Hannah Primrose, Countess of Rosebery
Hannah Primrose, Countess of Rosebery (née de Rothschild; 27 July 1851 – 19 November 1890) was the daughter of Baron Mayer de Rothschild and his wife Juliana (née Cohen). After inheriting her father's fortune in 1874, she became the richest woman in Britain. In 1878, Hannah de Rothschild married Archibald Primrose, 5th Earl of Rosebery, and was thereafter known as the Countess of Rosebery.
During the final quarter of the 19th century, her husband, the Earl of Rosebery, was one of the most celebrated figures in Britain, an influential millionaire and politician, whose charm, wit, charisma and public popularity gave him such standing that he "almost eclipsed that of Royalty".[1] The Countess remains an enigmatic figure, and is often regarded as notable only for financing her husband's three ambitions: to marry an heiress, win The Derby, and become Prime Minister (the second and third of these possibly apocryphal ambitions were achieved after her death).[2] In truth, she was her husband's driving force and motivation.
Her marriage into the aristocracy, while controversial at the time, gave her the social cachet in an antisemitic society that her vast fortune could not.[3] She subsequently became a political hostess and philanthropist. Her charitable work was principally in the sphere of public health and causes associated with the welfare of working-class Jewish women living in the poorer districts of London.
Having firmly assisted and supported her husband on his path, she suddenly died in 1890, aged 39.
Legacy[edit]
Rosebery as widower[edit]
There is no evidence that Lady Rosebery drove her husband to follow her own political agenda, or that of her family. For her the rewards seem to have been the pleasure of seeing a husband she undoubtedly adored in the high office of which she felt him worthy. There is no doubt that she tempered her husband's more radical views. Immediately following his wife's death Rosebery retired from politics, writing in October 1891 "The sole object of my ambition has disappeared with the death of my wife."[92] Proof of the widespread belief in society that Lady Rosebery was the stable element of the partnership was confirmed shortly after her death, by Queen Victoria, following a then rare public speech by Rosebery, in which he supported Home Rule for Ireland. The Queen was shocked and thought the speech "almost communistic" and went on to attribute Rosebery's "shocking and disappointing" behaviour to the fact that "poor Lady Rosebery is not there to keep him back".[93] While Queen Victoria always personally liked Rosebery, she mistrusted his politics.[94]
The Queen had thoroughly liked Lady Rosebery and wrote Rosebery several letters of condolence, likening his loss to the untimely death of her own consort, Prince Albert.[95] It seems that the Queen's antipathy to Jews was confined to elevating them to the peerage.

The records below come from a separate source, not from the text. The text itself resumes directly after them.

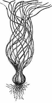 Растение это принадлежит к числу болотных и состоит в близком родстве с изолепис, которую обыкновенно держат в горшочках по углам аквариума и которой изображение представлено нами на рис. 1.4 d. Главная оригинальность Isolepis prolifera состоит в том, что на конце ее стебельков образуются, как это видно на нашем рисунке (рис. 2.29) новые растеньица. Постепенно наклоняясь, стебли эти окунаются в воду и растеньица начинают развиваться самостоятельно.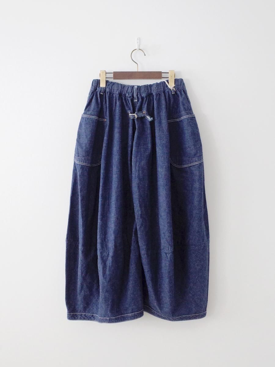 生地に使用したのはライトオンスのデニム地。くったり柔らかく、軽やかな着心地。通年使える生地感で、夏の時期にも穿いていただけます。青味の強い色合いで、シンプルに白いTシャツやシャツと合わせても素敵ですし、穿き込むことでよりデニムの味わい深い色落ちを楽しめます。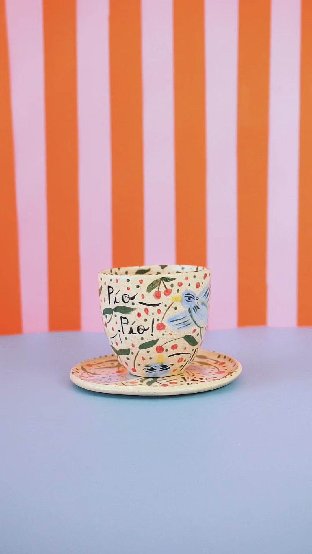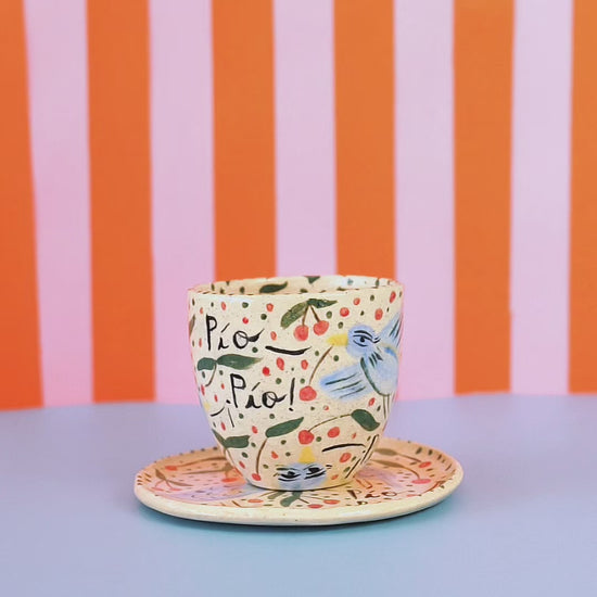 Cup + Plate "Birds sing"Set Taza sin asa "Los pájaros cantan"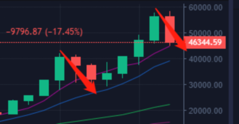 那么我们说,这次下跌是可预见的,因为当行情触及58000以后,第一次回调56000附近时,大家就应该察觉到万点暴跌即将来临。下图是比特币的周线行情图,我们看下上周的K线,一根大阳线直冲云霄,将BTC带入到新的空间,然而问题也出现了,在技术上,行情严重脱离均线位置,这就说明当前币价位置已经十分不合理了,调整势在必行,否则,这样的牛市是疯牛,是不理智的,不长久的。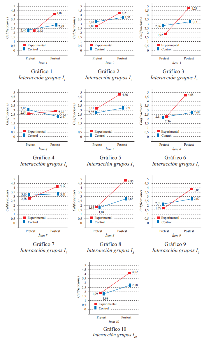 Con respecto a los dos grupos (Grupo Control y Grupo Experimental) y a los 10 ítems del cuestionario, se logró que el Grupo Experimental mostrara mayores aciertos en comparación a la primera aplicación del mismo, mejorando sustancialmente en comparación al Grupo Control que se mantuvo estable o aumentó mínimamente su rendimiento. En concreto, destaca la mejoría en los ítems 1, 5, 6 y 8, siendo el 6 enel que se evidenció una mayor diferencia. En los ítems 2, 3, 4, 7 y 9 el Grupo Control tuvo mejores calificaciones en el Pretest que el Grupo Experimental, sin embargo, en el Postest destacó el Grupo Experimental.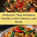 Authentic Thai Drunken Noodles, also known as Pad Kee Mao, feature wide rice noodles stir-fried with tender chicken, fragrant holy basil, spicy Thai chilies, and vibrant baby bok choy. This dish balances savory, spicy, and slightly sweet flavors, finished with a smoky char from high-heat stir-frying, making it a perfect bold-flavored meal.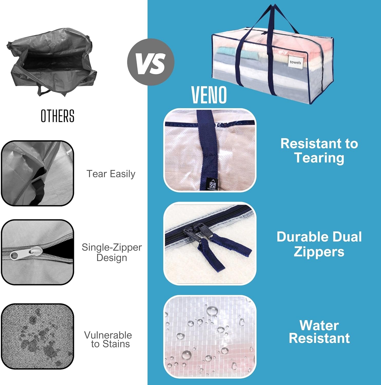 VENO 4 Pack Moving Bags Plastic Storage Totes Clothes Organization Large W Lid/Zipper. Packing Boxes/Bins Alternative. Space Saving Foldable College Supplies Essentials (Clear, 4 Pack)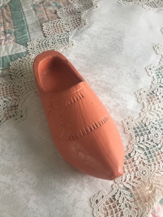 | My great-grandma’s wooden shoe. Mom painted it in the ‘60’s. Sigh… |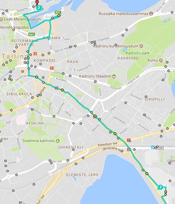 Автобус № 2 курсирует между Таллиннским аэропортом и Таллиннским портом. В аэропорту автобус № 2 отправляется с автобусной остановки Lennujaam, рядом с остановкой общественного транспорта. Отсюда автобус едет в направлении «Рейсисадам». Если вы хотите поехать в центр города, вы можете выйти на автобусной остановке ‘A. Лайкмаа, отсюда несколько минут ходьбы до центра Таллинна.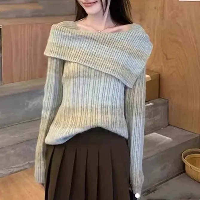 Light Grey Knitted Asymmetric Neck Sweater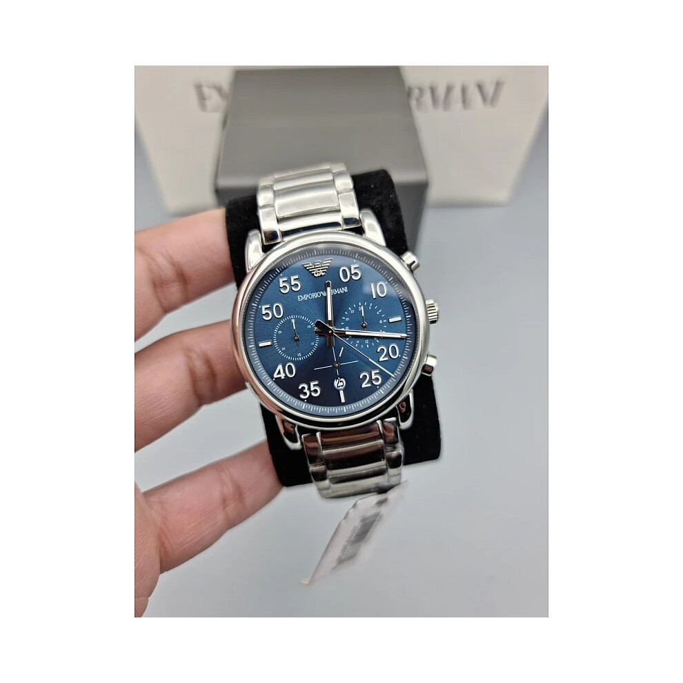 EMPORIO ARMANI AR11541 MEN'S WATCH SILVER STRAP BLUE DIAL SILVER CASE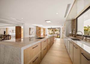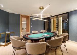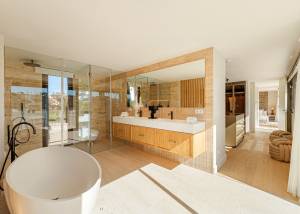 El interior de la villa está diseñado con un enfoque en el lujo y la funcionalidad. Cada uno de los seis dormitorios está equipado con armarios empotrados, proporcionando un amplio espacio de almacenamiento. Los seis baños están diseñados con acabados de alta calidad, asegurando un ambiente de confort y elegancia. La villa cuenta con calefacción por suelo radiante y aire acondicionado, garantizando una temperatura agradable durante todo el año. La cocina está equipada con electrodomésticos de última generación, facilitando las tareas diarias y ofreciendo un espacio ideal para los amantes de la gastronomía. Además, la villa incluye un spa privado, proporcionando un espacio de relajación y bienestar sin necesidad de salir de casa.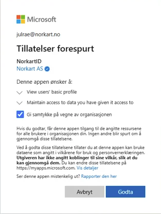 By approving the application, you allow NorkartID to use Entra ID for user identification. This gives NorkartID access to the following information: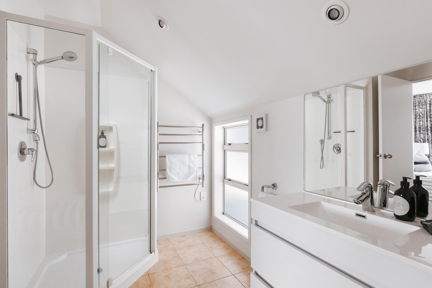 Downstairs: On the lower level, you’ll find a cozy bedroom with a queen bed and a single bed, perfect for families or small groups. This room also has its own ensuite, ensuring convenience and privacy for all guests. For your convenience a washer/dryer is in the garage.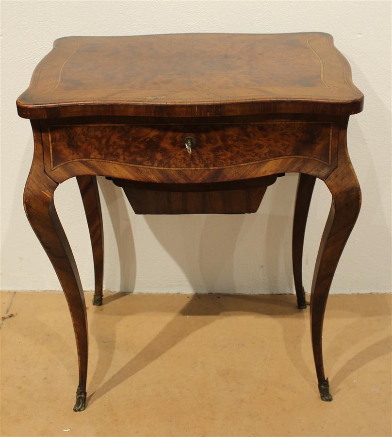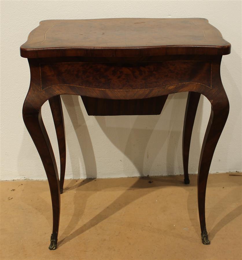 Table travailleuse style Louis XV, en placage de noyer et ronce de noyer, ouvrant à un tiroir en ceinture, piétement cambré terminé par des sabots en laiton, 19e siècle, 63 x 44.5 x H. 72.5 cm (accidents)
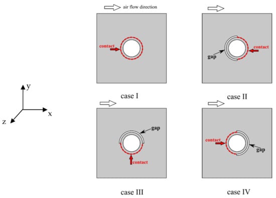 Different positions of the gap with respect to airflow: Case I—without gap; Case II—the gap in the front of the tube; Case III—the gap in the top position; Case IV—gap in the back of the tube.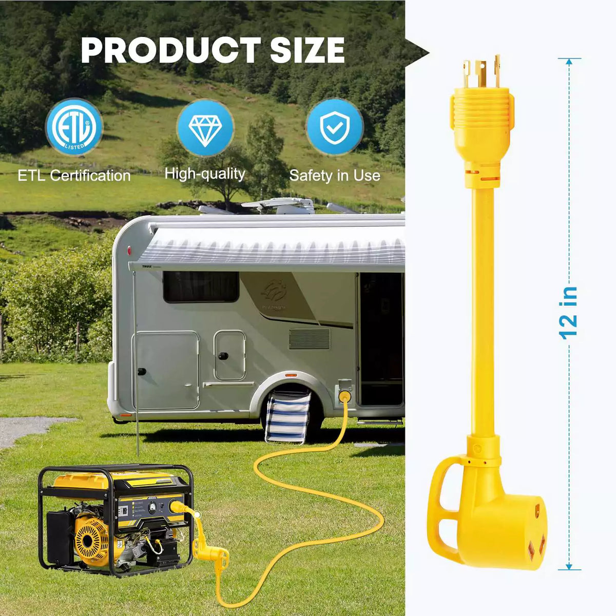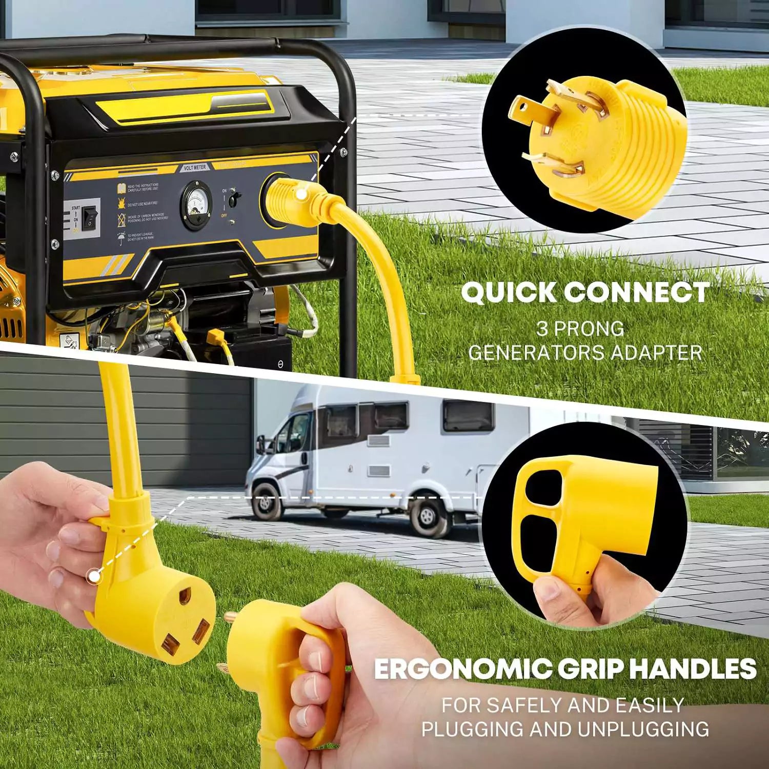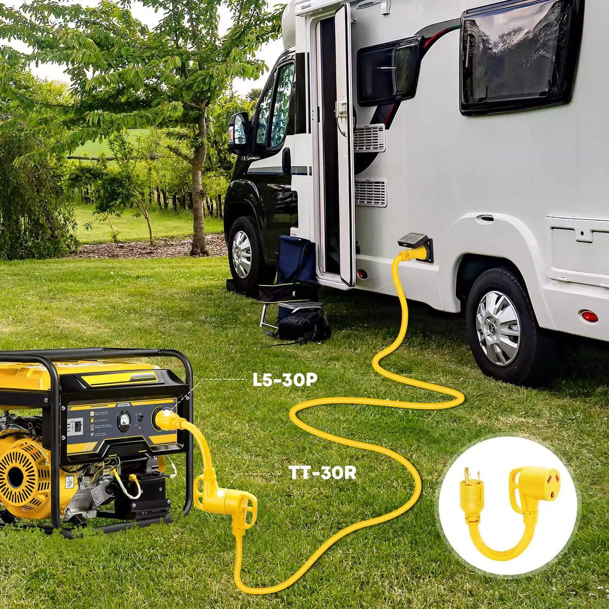 • Optimal RV Power Solution in Emergencies: When your generator lacks a TT-30R outlet, this adapter emerges as an essential tool. Tailored specifically for powering your 30A recreational vehicle straight from the generator, it ensures uninterrupted comfort during unforeseen power outages, keeping your adventures fully charged.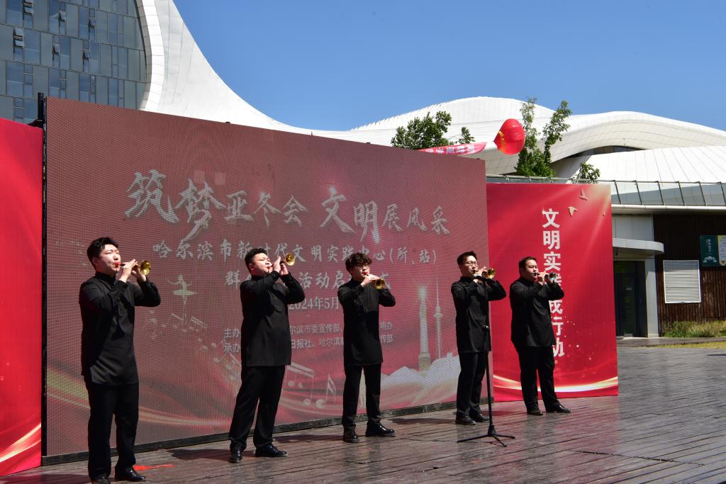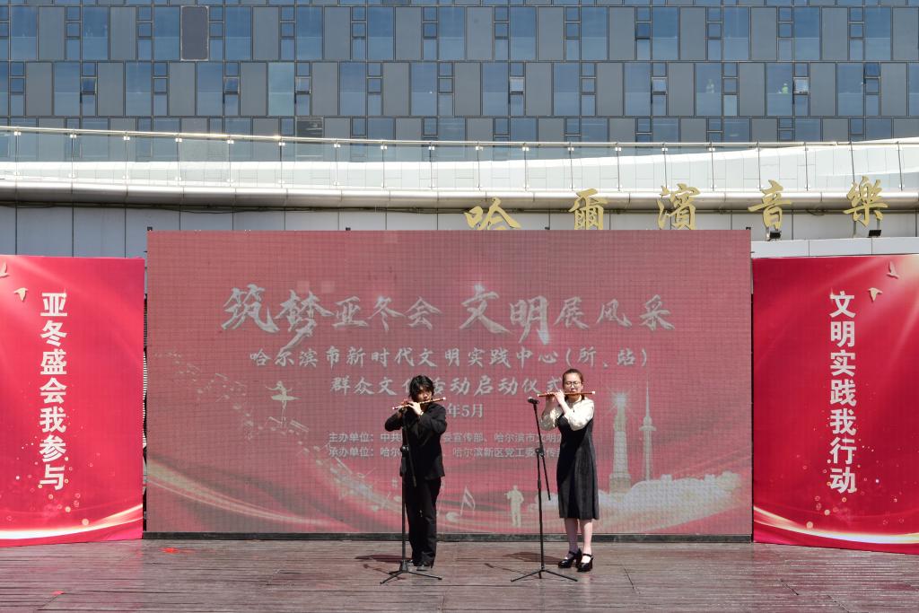 5月23日,由哈尔滨市委宣传部、市文明办主办的“筑梦亚冬会 文明展风采”哈尔滨市新时代文明实践中心(所、站)群众文化活动启动仪式在哈尔滨音乐博物馆举行,学院民乐钢琴联合团委“国乐暖民心”志愿服务队20名志愿者参演启动仪式,与全市200余名新时代文明实践工作者、志愿者、居民代表欢聚一堂,以志愿服务展现哈音风采,以文明之力献礼亚冬盛会。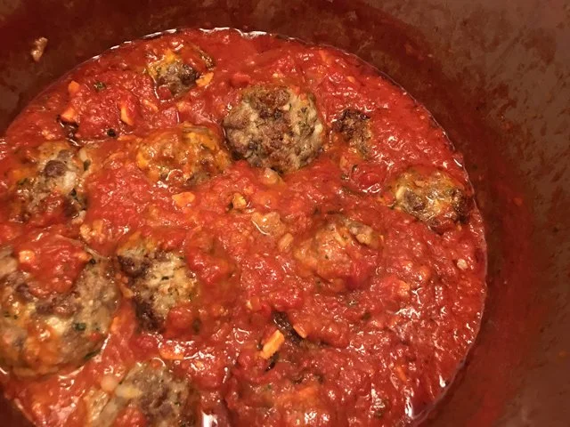 7:21 PM Meatballs out of the broiler and into the sauce.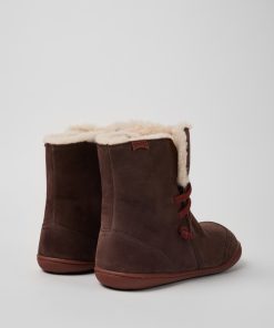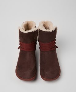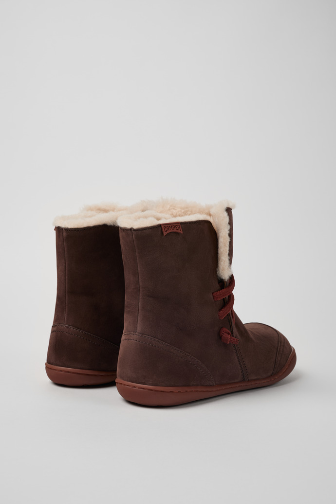 Botines para mujer en nobuk marrón con suelas de TPU (20% reciclado).Un icono de Camper que evoluciona cada temporada. Peu es la simplicidad funcional inspirada en la acción de caminar descalzo. Está cosido en 360 grados y construido con la técnica de construcción Strobel, garantizando flexibilidad y durabilidad inigualables en cualquier situación.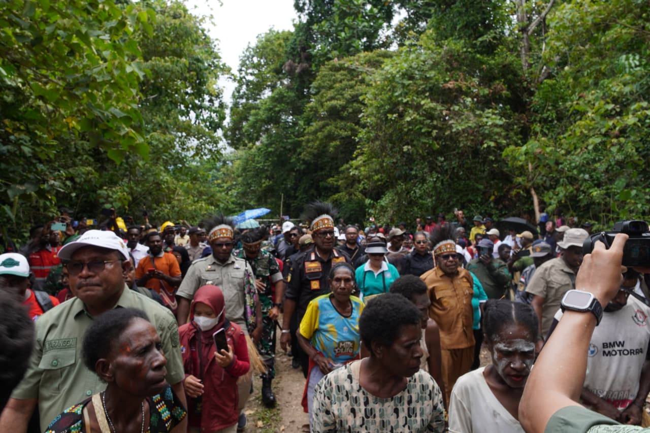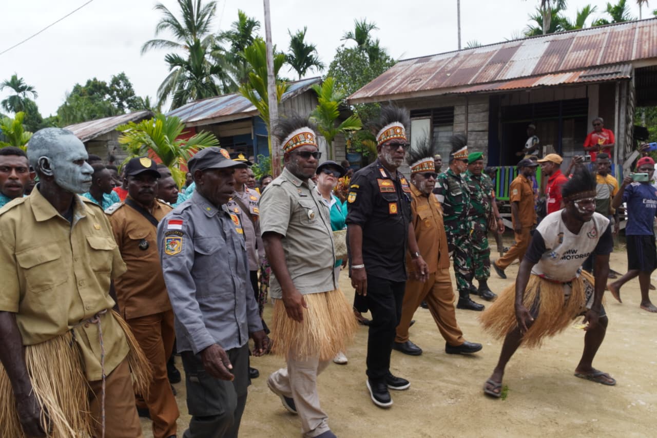 Masyarakat dari Kampung Potowaiburu, Kampung Yapakopa, Ararau, Potowai, Tapormai, dan Kampung Aindua menyambut Bupati Mimika dan Wakil Bupati.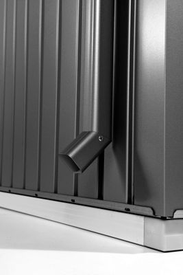 Descente d'eaux pluviales avec coudes d'évacuation et matériel de fixation pour les abris de jardin Europa Biohort.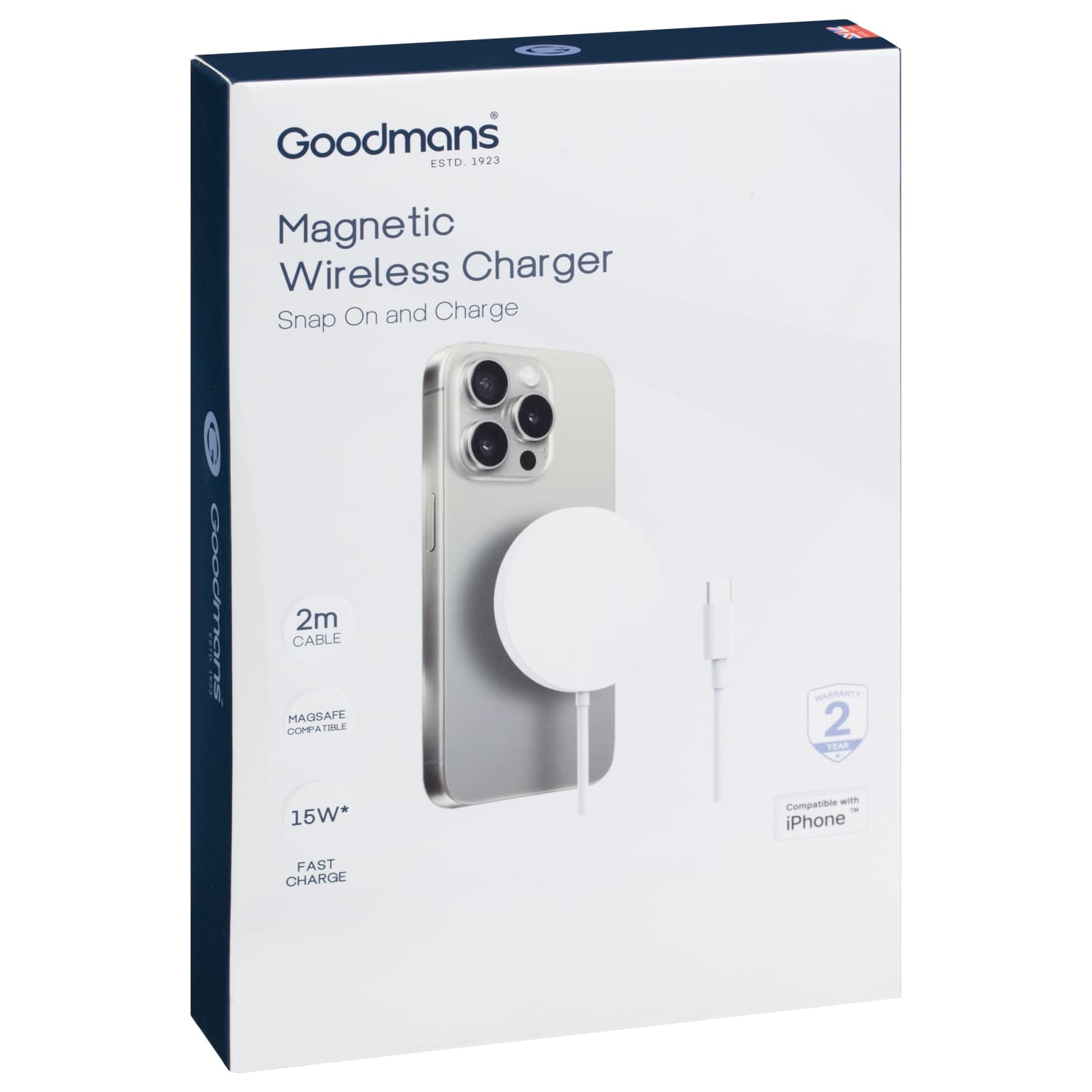 Charge your device quickly and wirelessly at home or work with the Goodmans Magnetic Wireless Charging Pad.

This view had softened by 1885.[96] In 1890 she accepted a luncheon invitation from Lady Rosebery's cousin Ferdinand de Rothschild and toured Waddesdon Manor albeit eating in a separate dining room to the Jewish members of the party.[97]
Shortly after his wife's death, Rosebery left his grieving children and went alone on a tour of Spain. Following a visit to El Escorial he wrote on the sepulchral wonders of the building, but added "for the dead alone the Taj is of course supreme".[98] On his return home he had designed for his wife a Victorian Gothic version of the Taj Mahal in miniature. For the remainder of his life he wore black and used black edged writing paper. Once, when talking with his daughter Sybil, he asked her what mourning she thought her mother would have worn had the situation been reversed. Sybil replied, "She would not have worn any, she would have died at once."[99]
Ronald Munro Ferguson has been quoted in 1912 as saying "many things would have gone otherwise had Lady Rosebery lived. Her loss is today as great a calamity from every point of view as it was at the time of her death."[65]
Widowhood changed Rosebery, both mentally and physically: he aged overnight, and began to refer to himself as an old man.[65] Two years after her death, friends were still concerned that he was suicidal. Winston Churchill thought him maimed by her death, and later said of her "she was a remarkable woman on whom Rosebery leaned, she was ever a pacifying and composing element in his life which he was never able to find again because he could never give full confidence to anyone else."[100]